Köln – Als Helden und Engel wurden sie über Wochen beklatscht. Mit großem persönlichen Einsatz haben sie infizierte Menschen gepflegt, anfangs sogar ohne Schutzkleidung. Doch nach Bewältigung der ersten Corona-Welle sind die Pflegekräfte in Krankenhäusern und der Altenpflege weiter massiv gefordert – und stehen wieder alleine da.

Zu wenig Fachpersonal, viel zu wenig Zeit für die Patienten, zu geringe Bezahlung und extreme Anforderungen an die persönliche Flexibilität belasten Pflegende schon seit langem. Dennoch haben die Pflegekräfte auf die Corona-Krise beeindruckend geschlossen reagiert: Urlaube wurden verschoben, Überstunden geleistet, viele kamen freiwillig in die Pflege zurück.

So auch Claudia Lenden. Wegen ihrer Erfahrung als Intensivschwester arbeitete sie auf einer Covid-19-Station des Porzer Krankenhauses. „Anfangs wusste man nur wenig darüber, wie sich das Virus ausbreitet“, erinnert sich die 56-Jährige. „Aber mir war klar, wenn ich krank werde, wird das kein Spaziergang.“ Die Arbeit in kompletter Schutzkleidung war extrem anstrengend.

Überdurchschnittlich viel zu tun

„Abends konnte ich nur noch trinken und schlafen, zum Essen war ich einfach zu erschöpft“, erinnert sie sich. Um ihre Tochter und ihre Enkelkinder nicht zu gefährden, habe sie diese wochenlang nicht gesehen. „Es gab keinen Ausgleich mehr, nichts, wo man auftanken konnte.“

Doch auch jetzt, nach der Bewältigung der ersten Welle, ist überdurchschnittlich viel zu tun. Stationen müssen in ihren ursprünglichen Zustand zurückgebaut, aufgeschobene Operationen durchgeführt werden. Gleichzeitig werden abgesagte Urlaube nachgeholt und die massiv angehäuften Überstunden zumindest teilweise abgebaut. Gearbeitet wird oftmals weiter in knapper Besetzung.
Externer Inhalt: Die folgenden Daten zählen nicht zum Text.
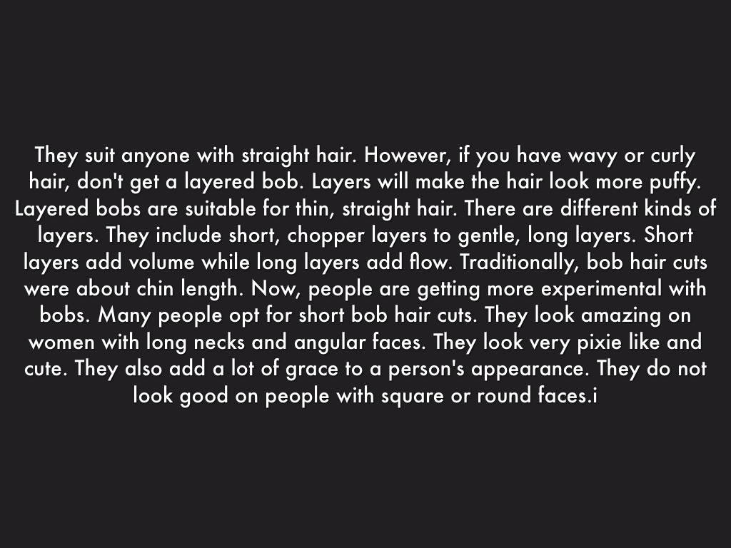 They suit anyone with straight hair. However, if you have wavy or curly hair, don't get a layered bob. Layers will make the hair look more puffy. Layered bobs are suitable for thin, straight hair. There are different kinds of layers. They include short, chopper layers to gentle, long layers. Short layers add volume while long layers add flow. Traditionally, bob hair cuts were about chin length. Now, people are getting more experimental with bobs. Many people opt for short bob hair cuts. They look amazing on women with long necks and angular faces. They look very pixie like and cute. They also add a lot of grace to a person's appearance. They do not look good on people with square or round faces.i
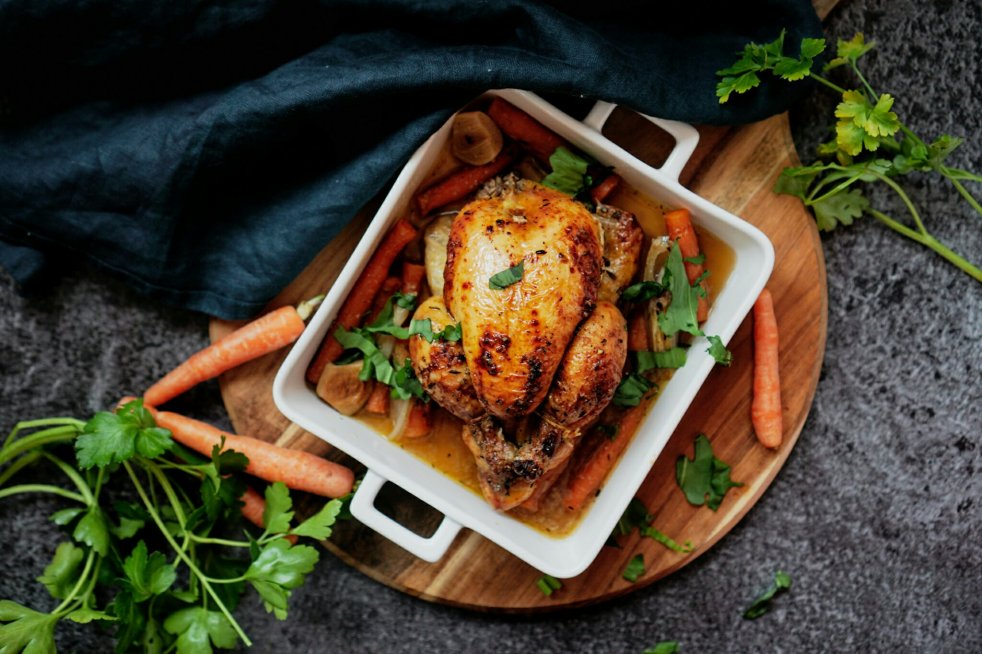 Jarní francouzské mini kuře s mrkvičkami na víně
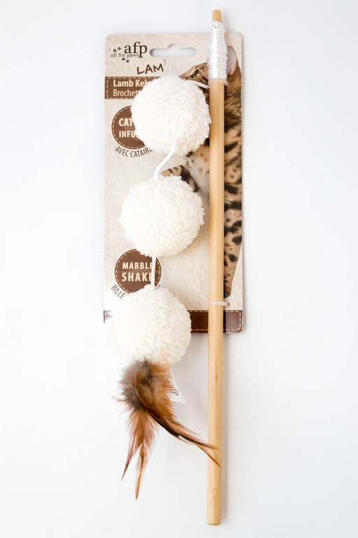 Hauska All For Paws -kissanonki "Lammaskebab" herättää varmasti kissasi mielenkiinnon! Kissanminttua sisältävät karvapallot pitävät hauskaa helisevää ääntä ja viimeisessä pallossa on vielä höyheniä houkuttimena. Kestävä puuvarsi ja nylonnaru.
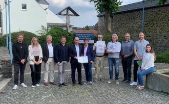 Überreichung der Zuwendungsbescheide aus dem Dorfentwicklungsprogramm am Magdalenenplatz in Mengerskirchen (von links): Timo Linn und Sarah Wisser von der Gemeindeverwaltung, Erster Kreisbeigeordneter Jörg Sauer, Landtagsabgeordneter Tobias Eckert, der Mengerskirchener Bürgermeister Daniel Melchert, Landtagsabgeordnete Marion Schardt-Sauer, Achim Peters (Steuerungsgruppe), Ortsvorsteher Christian ten Elsen, Meik Prielipp (Steuerungsgruppe) sowie Moritz Ruoff und Rabia Özcelik vom Amt für den Ländlichen Raum, Umwelt, Veterinärwesen und Verbraucherschutz der Kreisverwaltung.
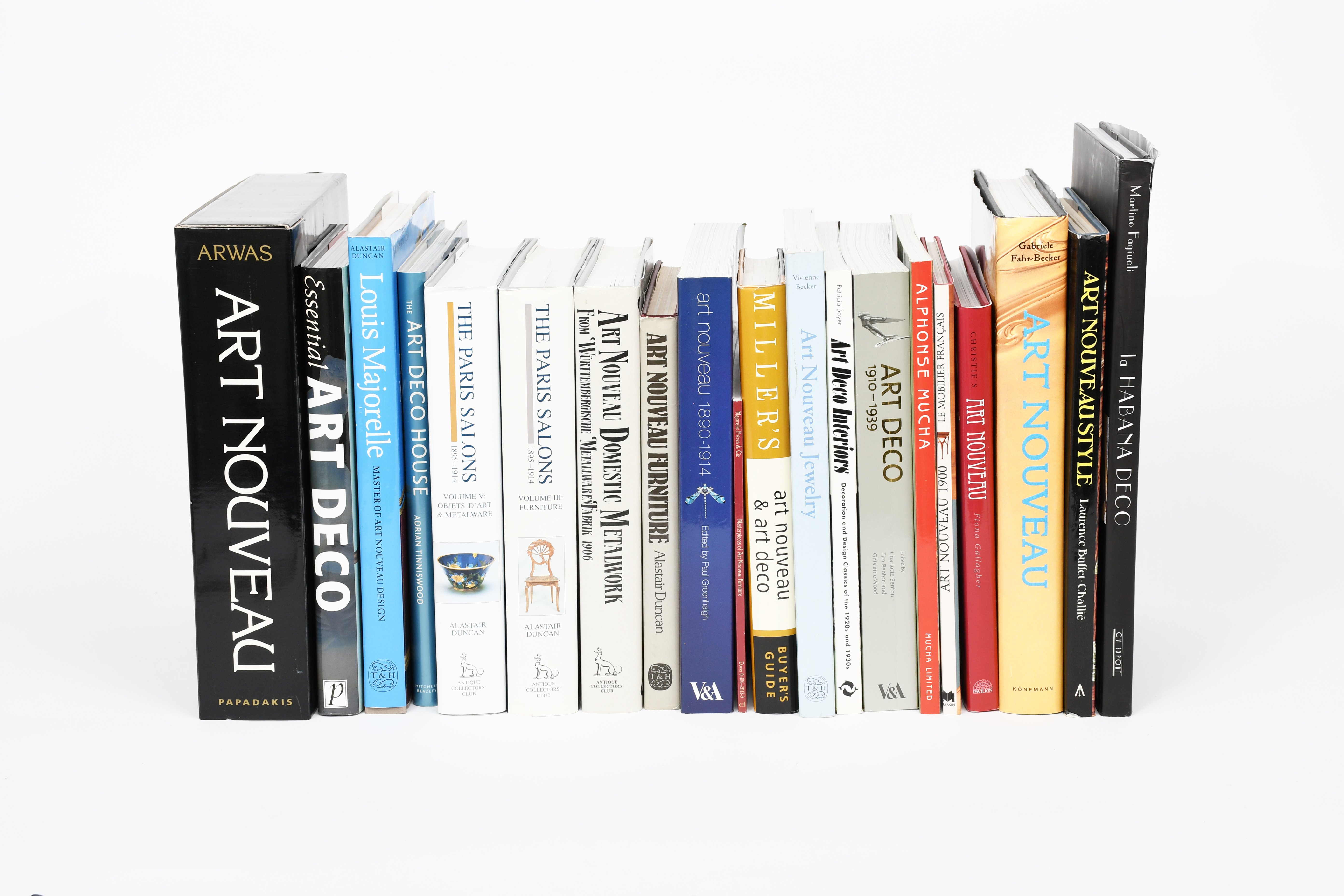 'Art Nouveau The French Aesthetic' a book by Victor Arwas, published by Andreas Papadakis, and books on Art Nouveau, Art Deco and design including; 'Louis Majorelle' by Alastair Duncan, `The Paris Salons' Vol III (Furniture), Vol IV (Objets D'Art and Metalware), Art Nouveau Jewellery' by Vivienne Becker, and Art Nouveau Domestic Metalware (WMF), (20 books)

Zahl der Pflegekräfte zu gering

„Im Normalfall können wir die Versorgung noch gerade leisten, aber schon bei einer Grippewelle arbeiten wir in Unterbesetzung oder müssen Überstunden machen. Und in Porz ist die Situation eigentlich gut“, schildert Lenden ein Problem, das alle Krankenhäuser betrifft. Denn durch das System der Fallpauschalen wurden die Ärztekontingente aufgestockt, damit der Krankenhausbetrieb wirtschaftlich funktioniert.

Die Zahl der Pflegekräfte sank und ist seit 15 Jahren auf dem gleichen niedrigen Stand geblieben. Seit 2019 ist die Pflege aus diesem System wieder ausgegliedert. Jetzt könnte mehr Personal eingestellt werden, doch bis die dringend nötigen zusätzlichen Pflegekräfte zur Verfügung stehen, vergehen noch Jahre (s. Interview).

Michael Isford, Professor für Pflegewissenschaft, Kath. Hochschule NRW

Fachkräfte ausbilden

Pflegende klagen seit langem über Stress und Überlastung. Was sind die Folgen?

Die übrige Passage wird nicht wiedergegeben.